A multi-physics battery model with particle scale resolution of porosity evolution driven by intercalation strain and electrolyte flow

TL;DR

This paper develops a detailed multi-physics model of battery materials at the particle scale, explicitly modeling solid-fluid interactions, porosity evolution, and electrochemical processes to better understand battery behavior.

Contribution

It introduces a novel finite strain, ALE framework to model electrolyte flow driven by intercalation strain and mechanical effects at the particle level.

Findings

Solid-fluid interaction significantly affects porosity evolution.

Intercalation strain influences ion distribution and electrostatic potential.

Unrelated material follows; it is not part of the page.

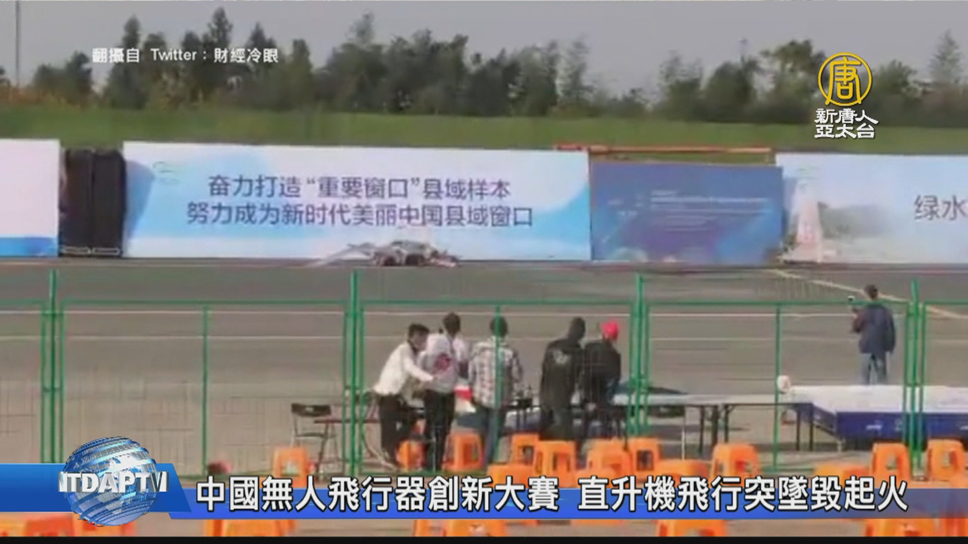 【新唐人亞太台 2020 年 10 月 26 日訊】中國近日舉辦「國際無人飛行器創新大賽」,號稱是「自主研發」的無人直升機,卻在空中展示飛行性能時,突然俯衝墜毀,根據陸媒報導,意外發生在24日,官方研判應為人為操作不當,不過網友們則認為「表演了個墜毀起火?」、「覺得是產品質量(品質)不過關」。

Mechanical coupling impacts battery performance and degradation.

Abstract

We present a coupled continuum formulation for the electrostatic, chemical, thermal, mechanical and fluid physics in battery materials. Our treatment is at the particle scale, at which the active particles held together by carbon-binders, the porous separator, current collectors and the perfusing electrolyte are explicitly modeled. Starting with the description common to the field, in terms of reaction-transport partial differential equations for ions, variants of the classical Poisson equation for electrostatics, and the heat equation, we introduce solid-fluid interaction to the problem. Our main contribution is to model the electrolyte as an incompressible fluid driven by elastic, thermal and lithium intercalation strains in the active material. Our treatment is in the finite strain setting, and uses the Arbitrary Lagrangian-Eulerian (ALE) framework to account for mechanical coupling of the solid and fluid. We present a detailed computational study of the influence of solid-fluid interaction and magnitude of intercalation strain upon porosity evolution, ion distribution and electrostatic potential fields in the cell.